如何让 grep 在 bash 中“读取行时”迭代工作功能?

发布于 2025-01-12 19:32:15 字数 841 浏览 3 评论 0原文

我有一个文本文件 (capital_names.txt),其中包含如下行:

Warsaw_  
London_  
Oslo_  
...

在另一个文件 (capital_info.txt) 中,我有以下几行:

London_1_  
London_2  
cityLondon_3  
capitalWarsaw_1  
Warsaw_2  
...

我想编写一个 shell 脚本仅当大写名称采用以下格式“Name_”时才会对其进行 grep。
所需的输出是这样的多个文件:

$ cat Warsaw_output.txt  
Warsaw_2

$ cat London_output.txt   
London_1  
London_2  

这是脚本的关键部分:

$outp=$"output"  
while read line; do  
grep ^$line capital_info.txt > $line$outp  
done < capital_names.txt

但是,输出文件是空的(0 字节)并且具有以下名称:

'Warsaw_$'\r''output'  
'London_'$'\r''output'

当我运行单个命令时 (grep -f ^"London_" Capital_info.txt)一切正常,但我无法手动对 Capital_names.txt 中的 50000 个条目执行此操作。我该如何解决这个问题?

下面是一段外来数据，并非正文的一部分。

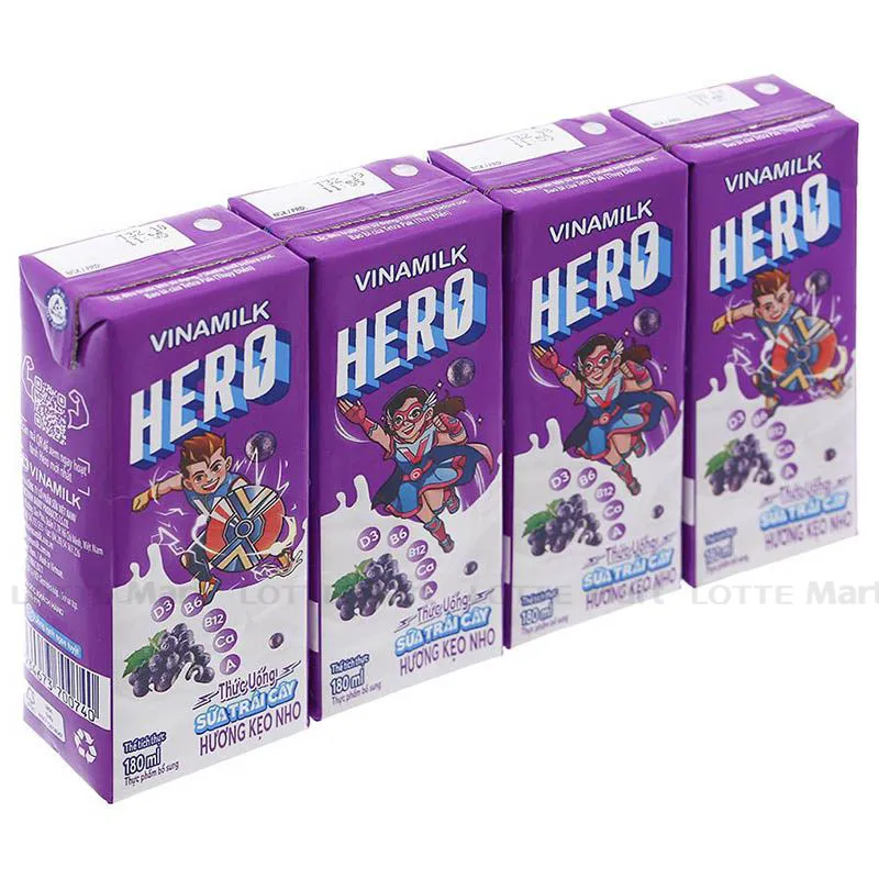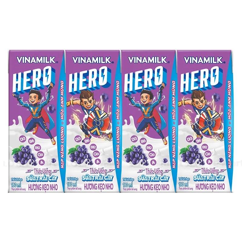 Lốc 4 hộp sữa trái cây kẹo nho Vinamilk Hero 180ml

I have a text file (capital_names.txt) containing lines like these:

Warsaw_  
London_  
Oslo_  
...

In another file (capital_info.txt) I have the following lines:

London_1_  
London_2  
cityLondon_3  
capitalWarsaw_1  
Warsaw_2  
...

I wanted to write a shell script that greps capital names only if they are in the following format "Name_".
Desired outputs are multiple files like these:

$ cat Warsaw_output.txt  
Warsaw_2

$ cat London_output.txt   
London_1  
London_2  

Here is the key part of the script:

$outp=
quot;output"  
while read line; do  
grep ^$line capital_info.txt > $line$outp  
done < capital_names.txt

However, the output files are empty (0 bytes) and have the following names:

'Warsaw_

When I run individual commands (grep -f ^"London_" capital_info.txt) everything works but I cannot do it for 50000 entries in capital_names.txt manually. How can I solve this issue?

\r''output' 'London_'

When I run individual commands (grep -f ^"London_" capital_info.txt) everything works but I cannot do it for 50000 entries in capital_names.txt manually. How can I solve this issue?

\r''output'

When I run individual commands (grep -f ^"London_" capital_info.txt) everything works but I cannot do it for 50000 entries in capital_names.txt manually. How can I solve this issue?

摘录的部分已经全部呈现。